Zuerst muss man eine "Scroll", die auch irgendwo am Spielfeld platziert ist, finden. Erst danach kann man die gegnerische Burg zerstören.

Gespielt wird rundenbasierend. Der Game Client A kann seine Figur eine Position im Spielfeld weiter verschieben, danach Client B. 

Fährt man über das Spielfeld hinaus, so tritt man auf der anderen Seite des Spielfeldes wieder ein.



Das war mal eine grobe Beschreibung des Spielablaufes. Kennt irgendwer schon so eine Art dieses Spiels bzw hat Erfahrungen damit gemacht?

Ich bin jetzt gerade dabei, mir einen Algorithmus zu basteln.

Anbei meine ersten Überlegungen:

-) Wenn man die eigene Burg irgendwo am Rand des Spielfeldes parkt, so werden sich gegnerische Clients schwieriger (eventuell schwacher Algorithmus) tun, um diese zu finden. Nachteil natürlich, wenn das gegnerische Spielfeld genau in der richtigen Ecke geparkt wurde 

-) Man sieht immer 2 Felder weit um die eigene Spielfigur herum. Jz bin ich am überlegen, ob ich mit meiner Spielfigur zuerst die Ecken durchsuchen soll und mir so das Spielfeld relativ rasch in "erkundeter Form" in einem mehrdimensionalen Feld speichern soll oder schnellstmöglich auf die gegnerische Burg zusteuern...

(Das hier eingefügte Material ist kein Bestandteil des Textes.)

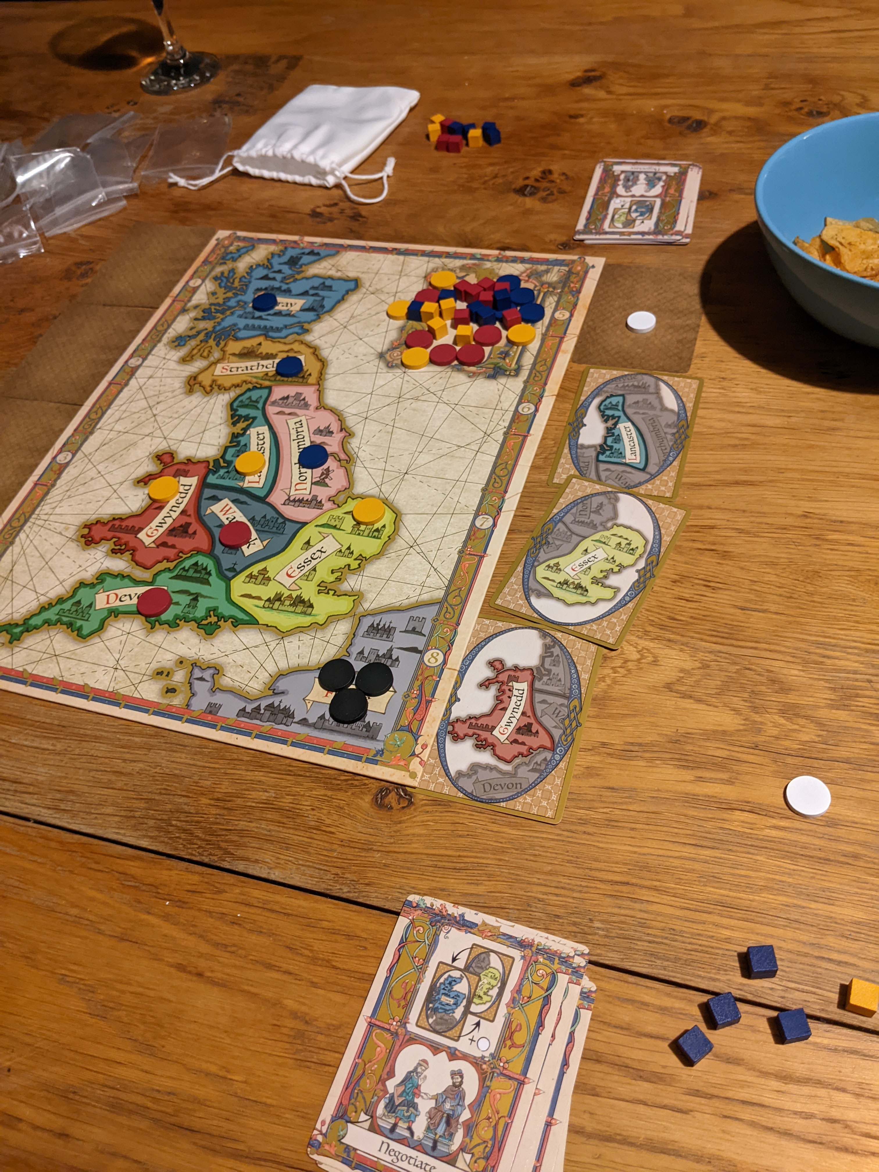Impression: An area control game where you also fight for control of the factions themselves! Slow to start but a tight and calculated ending. We played with symmetrical hands but I'd say it is probably better with the optional asymmetric cards.

Was haltet ihr von denen? Hättet ihr andere Ideen?


----------



## tuttle64 (21. Dez 2010)

scheibl hat gesagt.:


> -) Wenn man die eigene Burg irgendwo am Rand des Spielfeldes parkt, so werden sich gegnerische Clients schwieriger (eventuell schwacher Algorithmus) tun, um diese zu finden. Nachteil natürlich, wenn das gegnerische Spielfeld genau in der richtigen Ecke geparkt wurde



ein ansatz wäre es mit levels zu arbeiten. mit dem einfachen level werden z.b. hinweise eingeblendet und auch der spielverlauf sollte vereinfacht sein. 

du kann mir ja den code schicken, ich wäre dann der erste betatester


----------



## scheibl (21. Dez 2010)

Gut, werde über Weihnachten mal ein bisschen daran arbeiten und dann den Code posten!

Was meinst du mit levels? Die beiden clients sollen automatisiert gegeneinander spielen. Etwaige Userinteraktionen werden nicht benötigt...


----------



## Civilazi (23. Dez 2010)

Google mal nach der Wumpus-Welt.


----------